MATERIAL SUPPLIED »
- - -

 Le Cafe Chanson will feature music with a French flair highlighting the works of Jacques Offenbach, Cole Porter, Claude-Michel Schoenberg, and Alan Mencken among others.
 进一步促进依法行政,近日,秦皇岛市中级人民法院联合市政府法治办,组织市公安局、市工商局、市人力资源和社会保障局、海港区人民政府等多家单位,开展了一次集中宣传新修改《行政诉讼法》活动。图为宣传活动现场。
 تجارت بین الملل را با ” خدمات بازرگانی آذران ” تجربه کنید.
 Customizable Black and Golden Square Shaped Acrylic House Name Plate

- - -

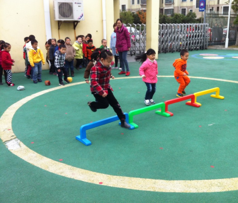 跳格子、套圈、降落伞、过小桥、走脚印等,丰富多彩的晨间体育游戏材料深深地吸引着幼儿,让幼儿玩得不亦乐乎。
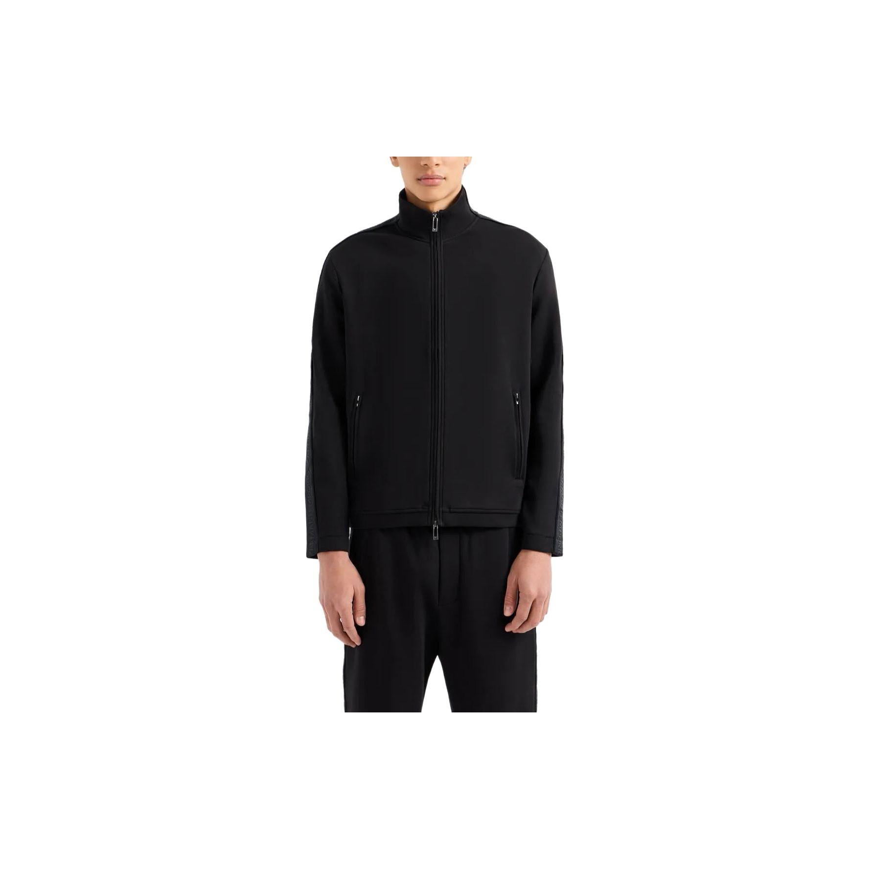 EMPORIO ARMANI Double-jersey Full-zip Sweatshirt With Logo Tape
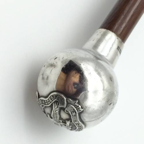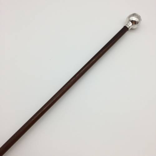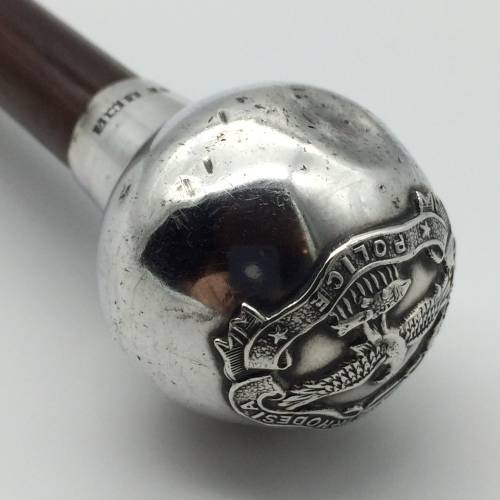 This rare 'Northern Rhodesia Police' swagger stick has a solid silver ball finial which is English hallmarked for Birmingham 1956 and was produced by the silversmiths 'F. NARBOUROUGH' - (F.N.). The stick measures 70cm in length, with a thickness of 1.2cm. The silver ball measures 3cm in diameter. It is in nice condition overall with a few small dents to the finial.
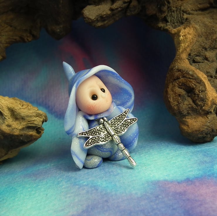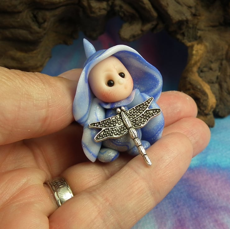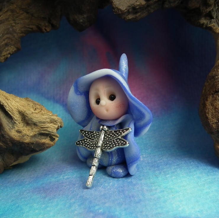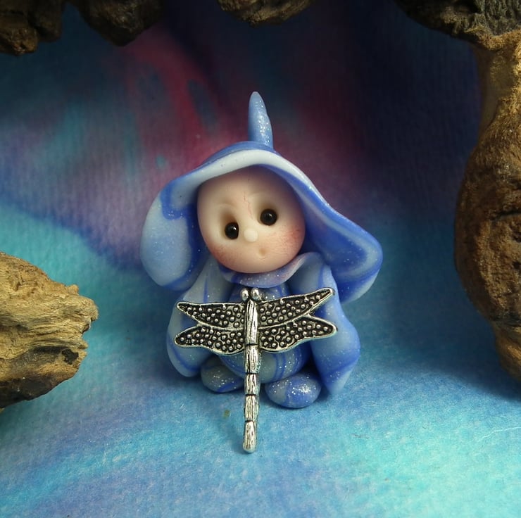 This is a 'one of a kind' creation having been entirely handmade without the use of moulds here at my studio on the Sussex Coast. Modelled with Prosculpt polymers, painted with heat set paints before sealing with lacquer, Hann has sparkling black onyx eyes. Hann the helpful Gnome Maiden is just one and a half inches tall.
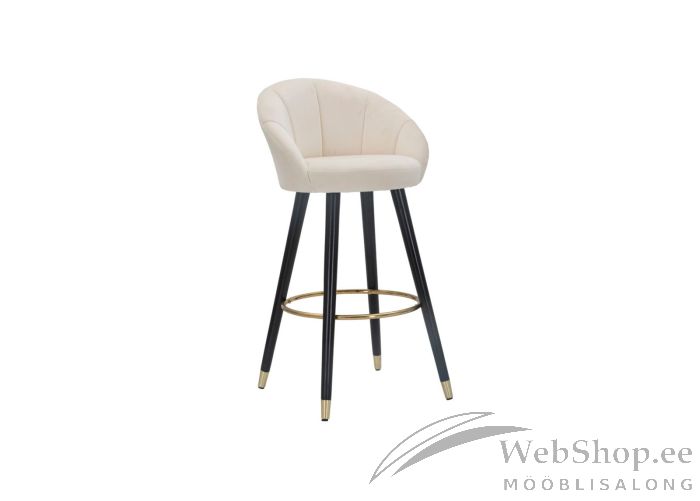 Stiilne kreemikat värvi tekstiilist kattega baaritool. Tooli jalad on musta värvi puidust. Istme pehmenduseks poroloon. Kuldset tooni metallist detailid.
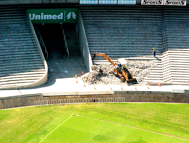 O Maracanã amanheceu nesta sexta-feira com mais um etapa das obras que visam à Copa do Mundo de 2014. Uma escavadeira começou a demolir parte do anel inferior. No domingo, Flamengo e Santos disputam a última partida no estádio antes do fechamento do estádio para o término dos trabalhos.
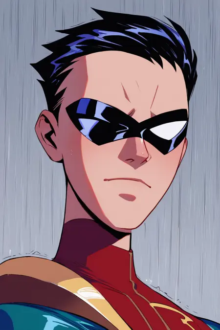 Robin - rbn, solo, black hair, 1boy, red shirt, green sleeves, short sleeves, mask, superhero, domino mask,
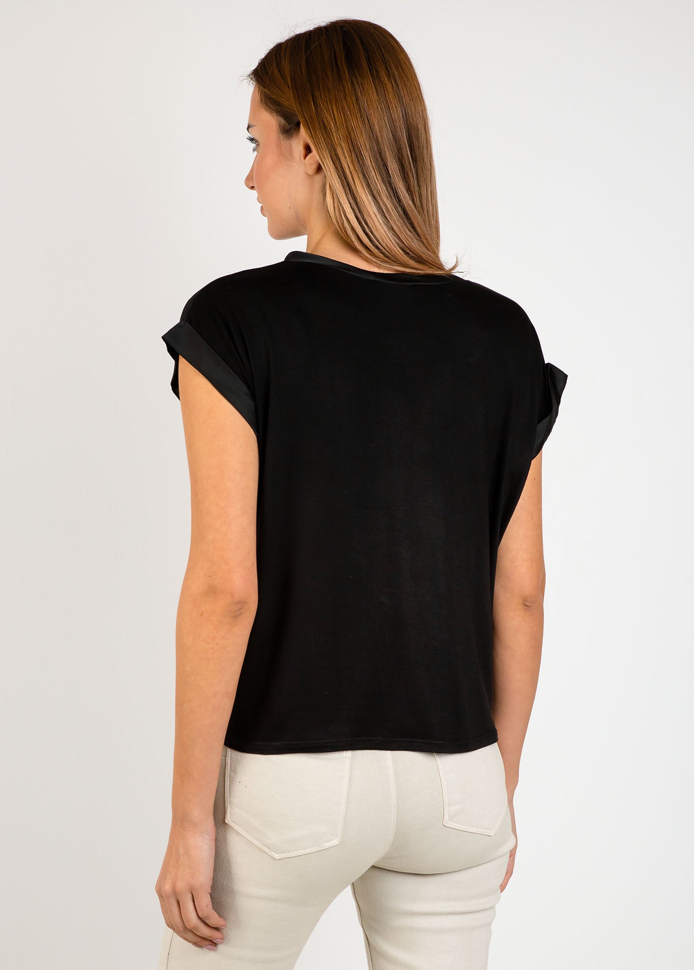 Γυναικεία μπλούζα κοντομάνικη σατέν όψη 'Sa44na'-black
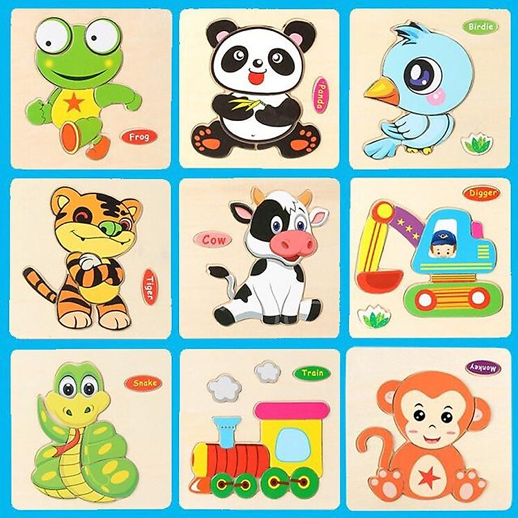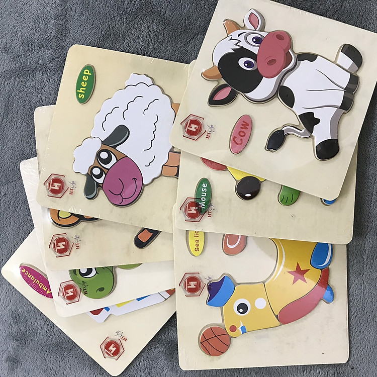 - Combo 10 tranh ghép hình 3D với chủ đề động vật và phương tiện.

- - -

ABOUT THIS TASK » Look above for the line with "Γυναικεία μπλούζα κοντομάνικη" and the line with "- Combo 10 tranh"; set down those two lines and all lines between them exactly, without pictures and without anything else.

TASK OUTPUT »
 Γυναικεία μπλούζα κοντομάνικη σατέν όψη 'Sa44na'-black
 - Combo 10 tranh ghép hình 3D với chủ đề động vật và phương tiện.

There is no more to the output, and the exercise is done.